In Yanji, one of the family’s relatives took pity on my baby and gave me 150 RMB. The next day, I went to a village in xxx and found a house which that relative had suggested I visit. This was my first time to visit this place without being sold. At the house, I found an old mother and an elderly son living together. They accepted me and my child, so we stayed with them for three years. While I lived with them, in response to their request, I bore a son by the man.

However, the man was eventually arrested for burglarizing a factory and sent to prison.
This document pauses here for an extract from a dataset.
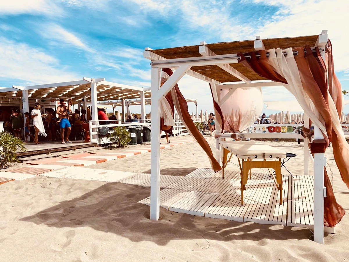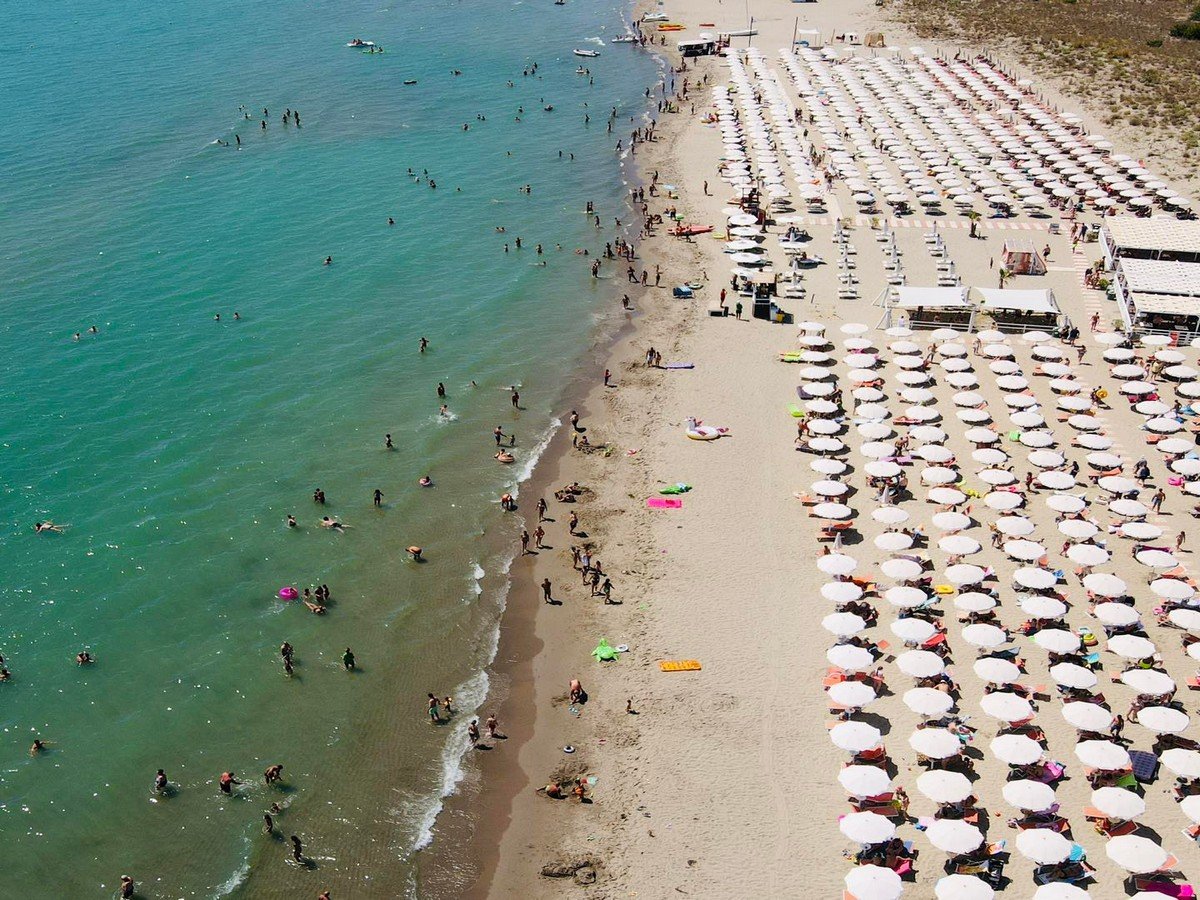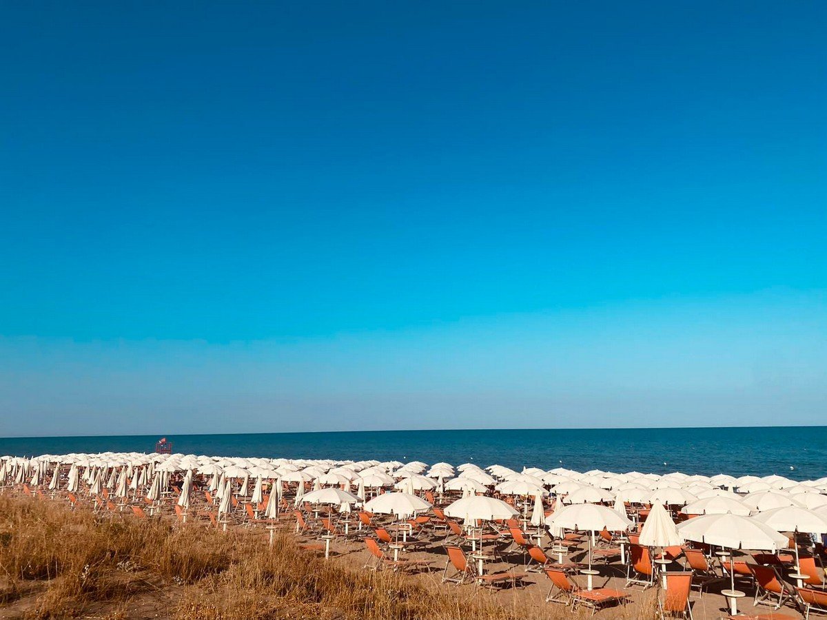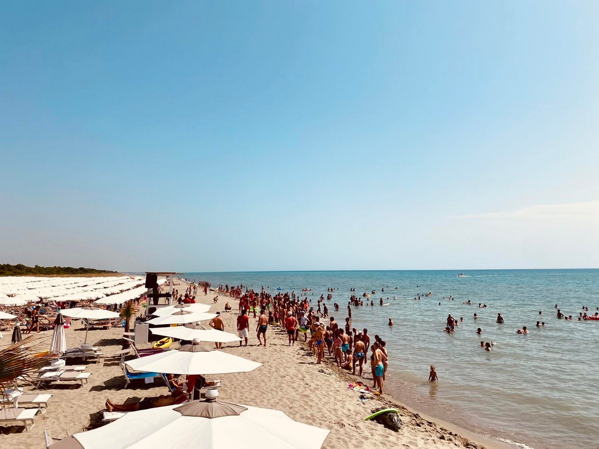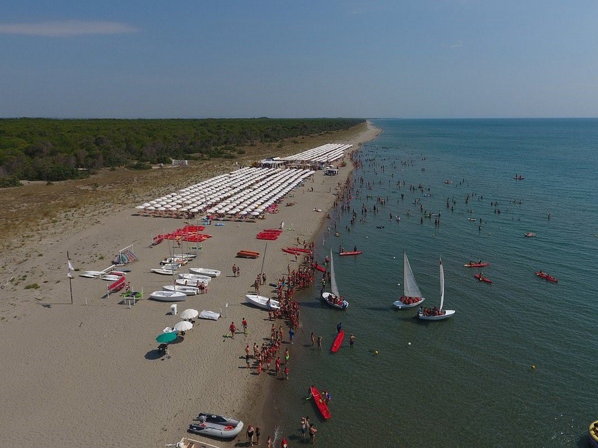 Spiaggia di sabbia fine a ridosso di una pineta oasi del WWF con un ombrellone, un lettino ed una sdraio per camera dalla seconda fila in poi; assegnazione il giorno dell'arrivo; raggiungibile anche a piedi, distanza circa 700 mt dal cancello mare; allestita con ampio bar, docce e servizi igienici; navetta da e per la spiaggia dalle ore 08.30 alle ore 13.00 e dalle ore 15.30 alle ore 19.00; navetta elettrica ad impatto ecologico zero; pranzo sostitutivo in spiaggia (su prenotazione nei mesi di luglio e agosto); possibilità di prenotare ombrellone VIP con supplemento; base nautica con canoe, pedalò e approccio alla vela a vostra completa disposizione con un team di istruttori della Federazione Italiana Nuoto che vi faranno vivere il mare in tutto il suo splendore; seawalking, tecnica di passeggiata che si pratica con le gambe immerse nell’acqua di mare con l’ausilio di appositi bastoni, funzionale sia per la tonificazione muscolare che per il miglioramento posturale.

Later, I learned that the man was an ex-convict and had been convicted previously of burglary and fighting.

I was unable to raise two children by myself, so I adopted out my eldest son to a family living in Shandong Province, then left my second son with the man’s mother. In the fall of 2006, I went back to Yanji to earn money.

It broke my heart, as a mother, to give up my 7-year old boy, who had miraculously survived my five-story jump. I was incapable, however, of giving him the chance to gain a proper education.

Once I returned to Yanji, I met a man who introduced himself as a Korean minister. He told me that he would take me to South Korea if I would sign a legal-looking paper. There are people like him who persuade North Korean female defectors to go to South Korea with them, but who actually sexually use and abuse the women, cheat them and try to sell them.

I had already experienced such frauds, so I knew to reject the offers. Instead, I found a job washing dishes at a restaurant. The chef at the restaurant is now my husband. He continued to help me even after he learned about my background, and he even suggested we exchange living quarters to help me avoid the danger of police crackdowns. We ended up living in xxx.

Eventually, however, we ran into financial difficulties and heavy debt, so my husband decided to work away from home. He went to South Korea. Right now, I have nowhere I can go. Recently, the Chinese police have also begun cracking down harder on North Korean defectors here in xxx. I want to get out of this miserable life with no nationality and no hope. Please, I can only beg for your help.